I can tell members that this bill puts together an approach to crime that not only is expensive, that not only will cost Canadian taxpayers billions of dollars, but it will not make a single iota of difference in terms of making our communities safer. The reason I say that is that it misses the mark.

Of course there are people who commit crimes and have to be locked away to protect the public. Of course there are some people in federal institutions who have to be locked up for their natural lives. However, the vast majority of people in our federal institutions are people who will be coming out. Over 90% of people in federal prisons today are going to come out.

What we need to do if we are truly interested in making sound policy in this country instead of playing to what I will call in a few minutes, junk politics, is to be making sure that we have adequate alcohol and drug treatment programs in prison, and we do not now. We need to make sure that we have vocational and occupational programs in our prisons, and we do not now.

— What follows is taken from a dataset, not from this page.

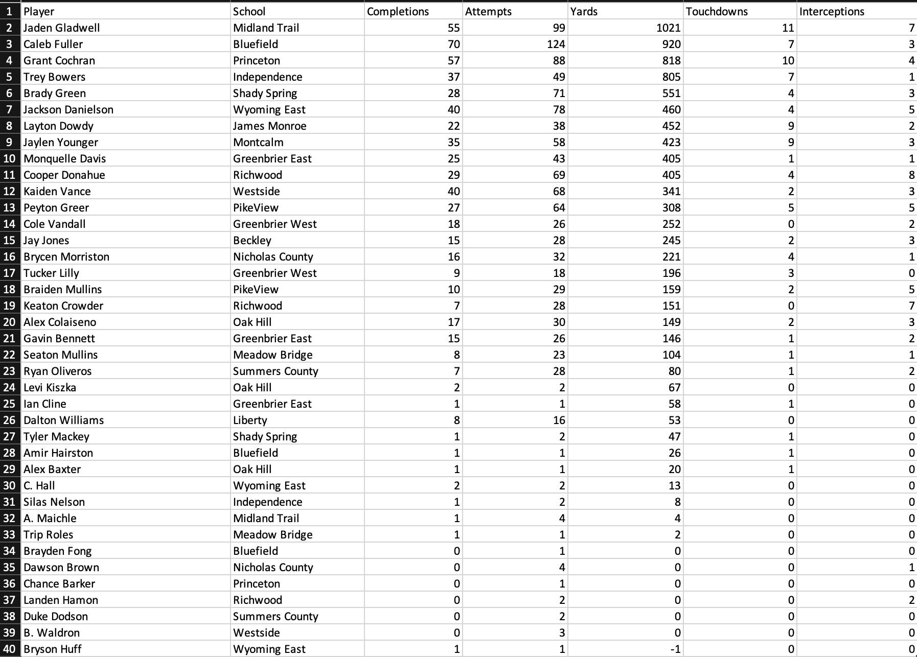 Midland Trail’s Jaden Gladwell remains atop the passing yardage and touchdown leaderboard, becoming the first area QB to throw for 1,000 yards. Princeton QB Grant Cochran sits behind him with 10 touchdown passes.

We need to make sure that we have adequate psychological, nursing and occupational therapy services in our prisons to deal with the real problems that our offenders are facing in prison, and we do not now.

The sum total of the bill is based on a concept that if we lock up more Canadians for longer periods of time in harsher conditions, it would make our country safer. I have stood in the House three times and challenged Conservative members opposite. I told them they have the resources of the Department of Justice and Public Safety Canada, that surely they have studied this issue.

Every society in the world suffers from crime. We have hundreds of examples to choose from. If we asked the Conservatives to name one country where this approach to crime has achieved a noticeable drop in crime, they would not be able to come up with one example.

Before we embark on a policy of spending billions of dollars, let us make sure that we can spend taxpayer dollars wisely and make sure it will actually make us safer. The bill does not do that.

Report StageSafe Streets and Communities ActGovernment Orders

November 30th, 2011 / 5:30 p.m.

Carleton—Mississippi Mills Ontario

Conservative

Gordon O'Connor ConservativeMinister of State and Chief Government Whip

Mr. Speaker, I believe that if you seek it you will find there is unanimous consent for the following motion. I move:

That, notwithstanding any Standing Order or usual practice of the House, at the conclusion of the debate at report stage, Bill C-10, An Act to enact the Justice for Victims of Terrorism Act and to amend the State Immunity Act, the Criminal Code, the Controlled Drugs and Substances Act, the Corrections and Conditional Release Act, the Youth Criminal Justice Act, the Immigration and Refugee Protection Act and other Acts, Motions Nos. 1, 5, 35, 41, 51, 53, 62, 64 and 78 be deemed put and recorded divisions be deemed requested and deferred pursuant to Standing Order 76.1(8).